Marcus Berkmann

The completely ludicrous – and sometimes believable – world of the First World War spook

A review of Secrets in a Dead Fish, by Melanie King. It's John Le Carré - but a Janet and John version

Illustration, from World War I in Cartoons, Mark Bryant, Grub Street. 
issue 12 July 2014

There can’t have been this many books about the first world war since — just after the first world war. One publishing craze of the 1920s was books about spying, in which retired war spooks gave away their trade secrets and told tall stories about dead-letter drops and invisible ink.

Melanie King has read them all, filleted them and collated her researches in Secrets in a Dead Fish (Bodleian Library, £8.99, Spectator Bookshop, £8.54). ‘Ingenious methods of communication were developed,’ she writes. ‘The entire Western Front, from its windmills to its laundry lines, must have seemed charged with secret meanings.’

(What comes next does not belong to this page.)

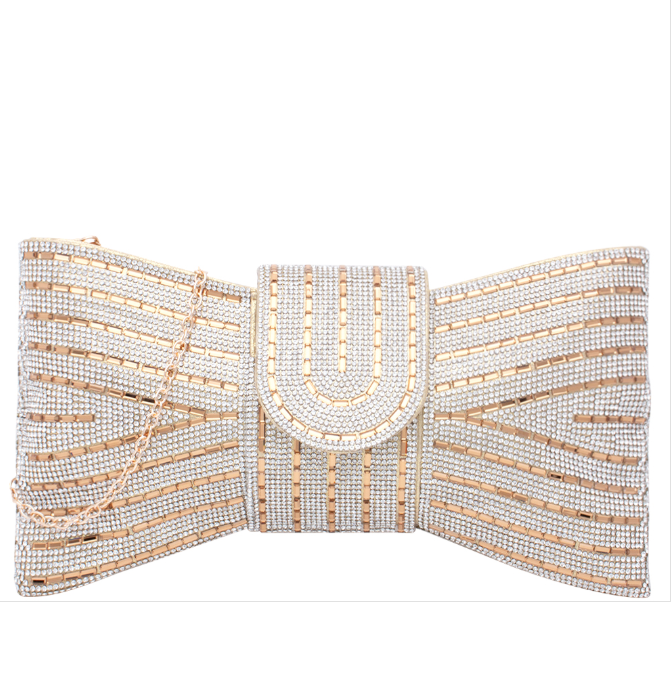 Make an entrance with this dazzling bow-shaped clutch, dripping in gold and silver beaded detail. Its geometric lines catch the light with every move, making it the ultimate statement piece for weddings, galas, or a girls’ night out. Designed with a secure flap closure and roomy enough for your evening essentials, this clutch strikes the perfect balance of glam and function. Includes a detachable chain strap so you can wear it hands-free as a crossbody or carry it chicly as a clutch. Approx. 11" x 1" x 6".

This is Le Carré, but a Janet and John version. Men stand around in hotel lobbies saying things like, ‘I wonder if Mr Jim has called for that letter?’ Telegrams are ingeniously coded, so that ‘Bertha’ means a battleship, ‘Sarah’ a submarine and ‘Dora’ a torpedo boat destroyer. Spies drink shampoo to feign illness, steal the identities of men who die in the next hospital bed, infiltrate munitions factories in order to sabotage the other side’s weapons. Everyone is listening in to everyone else’s telephone conversations in the field. (The Americans use native Navajo speakers to confound the Germans, entirely successfully.) If you have to go drinking with other spies, glug down a four-ounce bottle of olive oil first: it will line your stomach and keep you sober.

It’s all wonderful stuff, alternately ludicrous and completely believable, and sometimes, triumphantly, both.

Marcus Berkmann is the author, among other things, of A Shed of One’s Own: Midlife without the Crisis.